A further breakdown showed that Abia, Cross Rivers, Ekiti, Niger, Rivers, and Taraba states got the highest increase in its payroll, exceeding 100 per cent of its 2024 personnel cost budget. While Gombe, Osun and Ondo got the lowest salary increase percentage, scoring below 15 per cent.

In a detailed examination of the salary increases across each state, Abia approved a notable increase in its personnel costs, with an escalation from N33.045bn to N77.34bn, representing a 134 per cent increase. Similarly, Adamawa’s personnel cost rose from N48.61bn to N74.23bn, marking a 52.7 per cent increase.

In Akwa Ibom, a sharp surge from N91.74bn to N126.69bn was approved, representing an impressive 38.1 per cent growth.

Anambra state, under Governor Charles Soludo, also approved a significant rise from N34.001bn to N63.41bn, indicating an 86.45 per cent increase.

Bauchi followed suit with an increase from N42.29bn to N70.41bn, showcasing an uplift of approximately 66.5 per cent.

Meanwhile, Bayelsa saw its personnel costs climb from N60.18bn to N114.21bn, a rise of over 89 per cent, signalling an emphasis on investing in its workforce.

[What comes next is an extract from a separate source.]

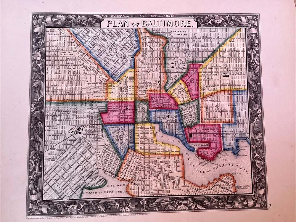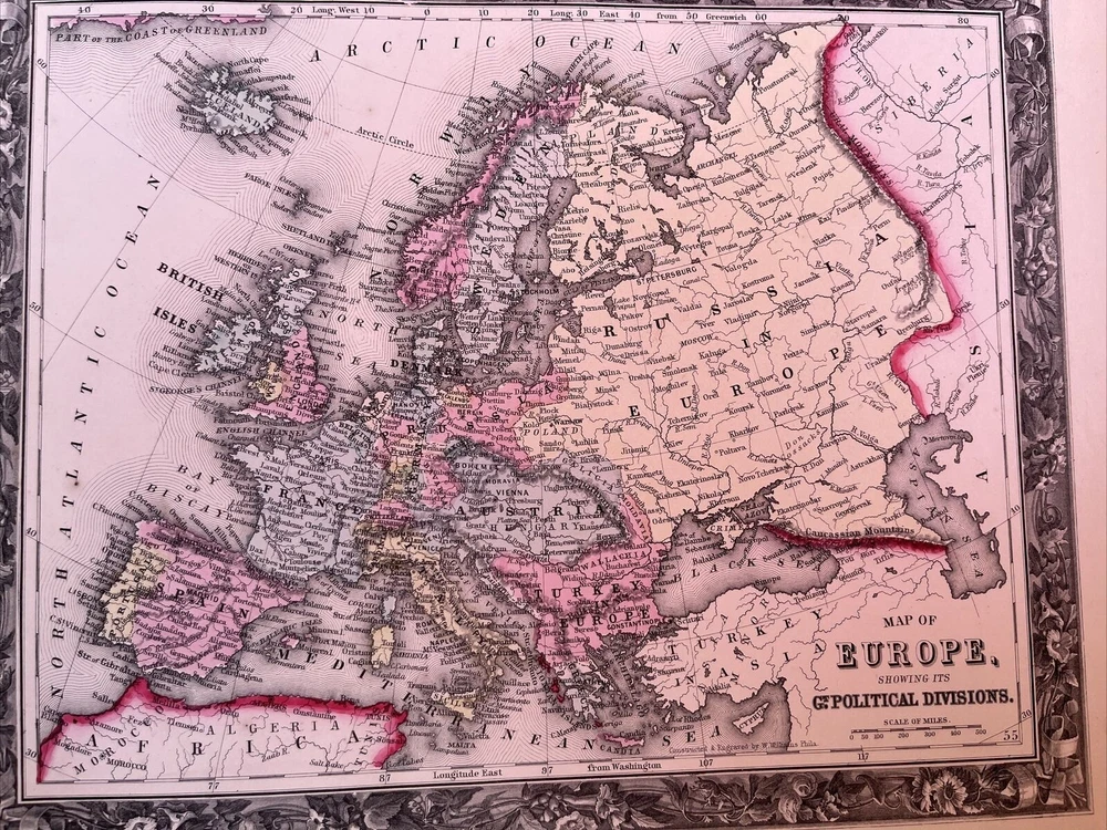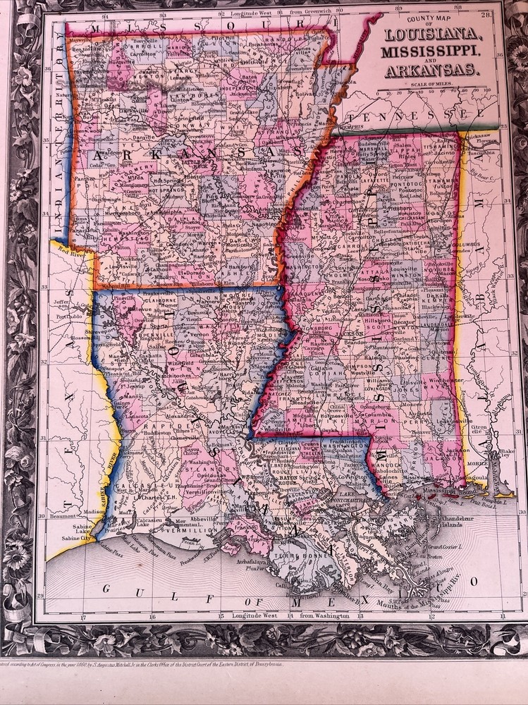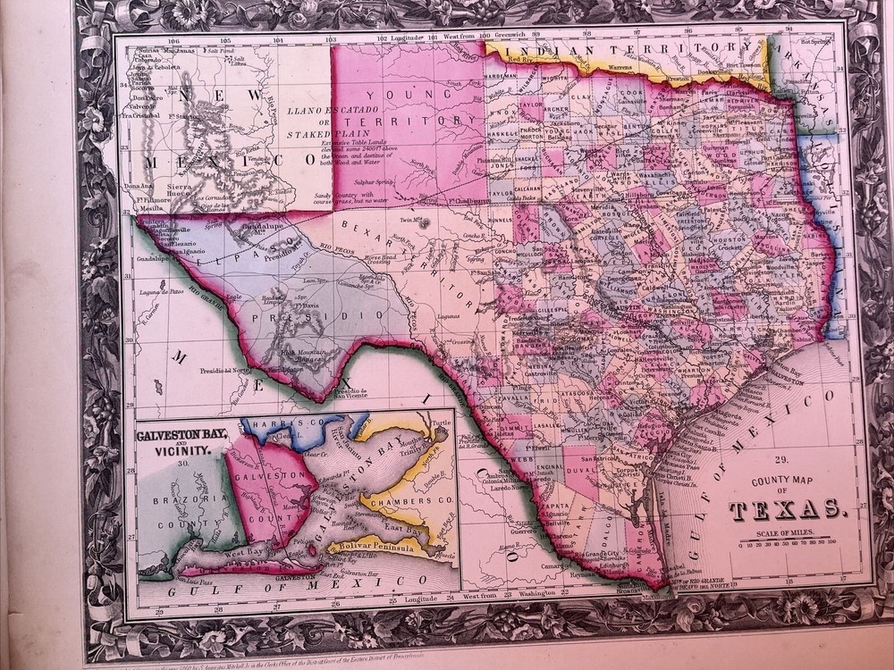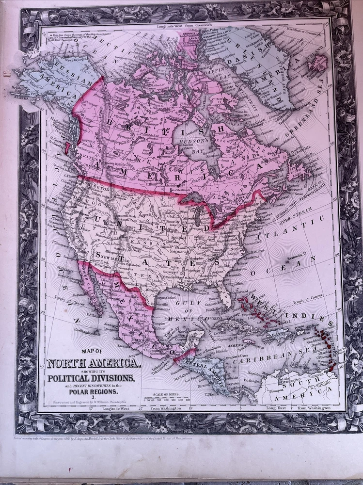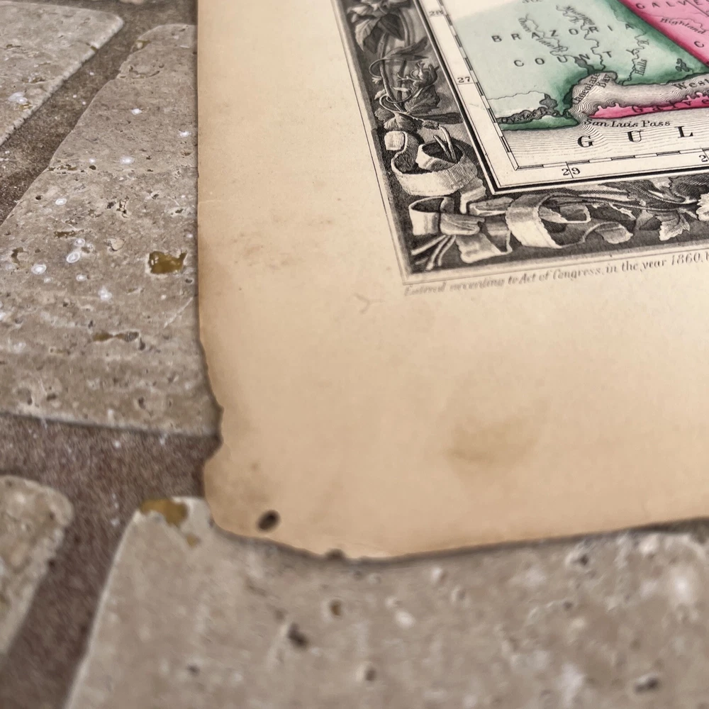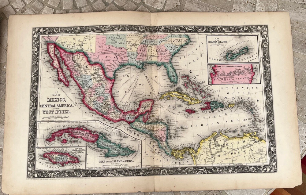 Hand-Coloring Mitchell's New General Atlas S. Augustus Mitchell, Jr. 1860 Fantastic book with amazing maps. Is rough and all pages are detached, but the maps themselves are in great condition except for the edges. Would make a great collection for someones wall art. Size 13" x 16" x 1" Incomplete Atlas Map Numbers are: 3,4,5,6,7,8,11,12,18,19,20,22,23,24,28,29,30,32,33,34,36,40,41,42,43,44,45,46,47,48,49, 50,51,52,53,54,55,56,57,58,62,63,64,65,66,67,68,69,70,71,72,73,74, Some maps are small and are on same pages as bigger maps Also has 22 pages of US post office A to Z

In Cross River, the personnel cost grew sharply from N35.02bn to N106.12bn, reflecting a 202 per cent increase, one of the highest among the states. Delta also recorded a notable surge in its expenditure from N139.999bn to N185bn, signalling a growth of about 32.5 per cent.

Ebonyi followed with an increase from N23.076bn to N36.66bn, growing by 58.9 per cent.

Edo with its leap from N74.58bn to N101.29bn, reflected a 35.8 per cent increase, while Ekiti registered a substantial rise from N30.69bn to N62.51bn, almost doubling its personnel cost.

Enugu also saw a substantial rise from N47.988bn to N70.954bn, an increase of 48 per cent.

However, Gombe stood out with a negligible decrease in personnel costs, falling from N40.52bn to N40.28bn, a small dip of just 0.6 per cent.

On the other hand, Imo saw an increase from N41.92bn to N67.4bn, showing an upward trend of 60.9 per cent.

Jigawa experienced a jump from N51.445bn to N90.73bn, an increase of 76.4 per cent, while Kaduna’s personnel costs grew by 23.4 per cent from N68.010bn to N83.94bn.

Kano, one of the largest increases in this analysis, saw its personnel costs skyrocket from N89.97bn to a staggering N150.996bn, an impressive 67.8 per cent rise.

Katsina, which saw an increase from N29.69bn to N58.62bn, experienced a growth rate of 97.6 per cent. In Kogi, the personnel budget grew from N64.798bn to N109.96bn, an increase of 69.8 per cent.

Kwara followed a similar trend, rising from N51.045bn to N69.152bn, a growth of 35.5 per cent.

The largest increase came from Lagos, which saw its personnel costs more than double, from N225.114bn to N401.12bn.